Subscribe Now Subscribe Today
Abstract
Fulltext PDF
References

Research Article
Development of Karyotyping and Chromosome Banding of Osteobrama belangeri (Pengba Fish)

S. Asthana, R. Sharma, N. Choudhary, P.A. Vyas, M.A. Rather and G. Krishna
 
ABSTRACT
Cytogenetic characterization plays an important role in cataloguing and conservation of germplasm. Osteobrama belangeri is one of the important fish species in North East India and need urgent attention for conservation. Hence cytogenetic characterization was carried out for Osteobrama belangeri. Samples of the specimen were collected from Manipur, India and maintained in wet laboratory in live condition. Metaphase chromosome preparation was made using standard hypotonic solution, methanol acetic-acid fixation followed by Giemsa staining for karyotyping of the species. The diploid chromosome number was found to be 50 and the karyotype is composed of 14m+8sm+28 (st and t) with fundamental arm No. (FN) 72. Positive chromosome bands like C, G and NOR bands were developed on the metaphase chromosome spread. NOR bands were found on the constriction regions near centromeric, as well as, slightly away from terminal regions. While, G bands was at A, T-rich regions appearing to be away from centromere towards the end of the chromosome bodies. C bands were localized on the regions adjacent or immediate to the centromeres and on the constrictions as indicating the concurrency with constitutive hetrochromatin. The result showed the diploid chromosome number as 50 which is mostly seen in other cyprindis and the study could localize C, G and NOR bands for the first time on this species.
Services
Related Articles in ASCI
Similar Articles in this Journal
Search in Google Scholar
View Citation
Report Citation

 
  How to cite this article:

S. Asthana, R. Sharma, N. Choudhary, P.A. Vyas, M.A. Rather and G. Krishna, 2012. Development of Karyotyping and Chromosome Banding of Osteobrama belangeri (Pengba Fish). Journal of Fisheries and Aquatic Science, 7: 331-338.

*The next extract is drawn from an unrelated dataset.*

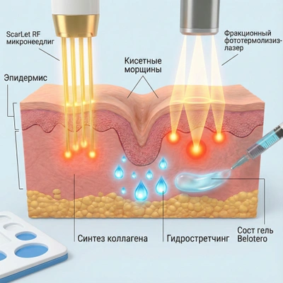 Кремы работают только на уровне эпидермиса (верхнего слоя), лишь временно смягчая поверхность. Истинная проблема — деградация коллагенового каркаса и дефицит гиалуроновой кислоты — залегает в глубокой дерме. Чтобы «вытолкнуть» морщину, нужно либо доставить туда влагу иглой, либо спровоцировать мощный внутренний ремонт тканей с помощью энергии лазера или радиоволны.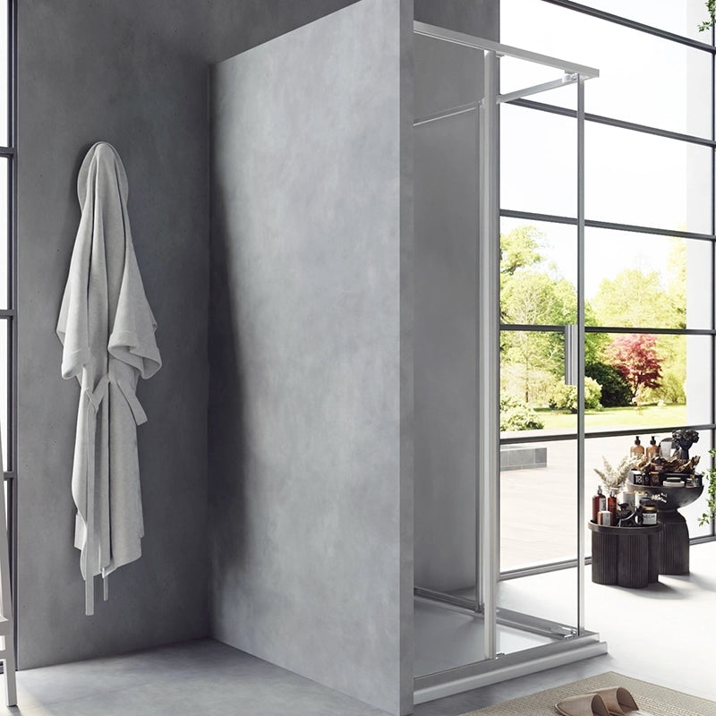Grazie alla reversibilità e all'estensibilità del profilo di 1,5 cm, la doccia Rio si adatta facilmente a pareti fuori squadro, offrendo una flessibilità di installazione ideale per ristrutturazioni e nuove costruzioni.

DOI: 10.3923/jfas.2012.331.338

URL: http://scialert.net/abstract/?doi=jfas.2012.331.338
 
Received: October 28, 2011; Accepted: January 12, 2012; Published: March 26, 2012

INTRODUCTION

Sustain ability is measured indispensable world wide as the objective of community development and environmental conservation (Al-Masroori and Bose, 2011). Chromosomal studies and karyotyping are the basic requisite for genetic improvement program and conservation of wild gene pool. Such studies were initiated in India by Sharma et al. (1960) and eventually Indian researchers reported the karyotype of about 125 species belonging to both inland and marine waters (Rishi, 1989). The genus Osteobrama belongs to Cyprinidae family and has 10 species. This fish is locally known as Pengba. It is a medium carp found in lakes and rivers of India (Manipur), Myanmar and China (Yunnan). The species was categorized as ‘Extinct in wild’ in the Conservation Assessment and Management Plan (CAMP, 1999) workshop conducted at National Bureau of Fish Genetic Research, Lucknow in 1997. It is present only in captive conditions. In the past, Osteobrama belangeri formed a big fishery in the Loktak Lake but now this species has become extinct in wild. The extinction of this species in Manipur was due to over exploitation, habitat degradation and introduction of invasive species which caused fragmentation. It is the State fish of Manipur. Pengba, Osteobrama belangeri is considered to be one of the tastiest fishes in Manipur. Closely related with the history of the land and highly relished by the local people. The overall colour is golden yellow and it has six black bars evenly spaced along its flanks. The maximum size of pengba is 380 mm (14.96").

Cytogenetic investigation has taken a momentum in recent years in the field of fisheries which has lots of technical problem. The new source of data involving chromosome number and morphology, has been receiving increasing attention and shows high promise for interpreting the evolution of fishes.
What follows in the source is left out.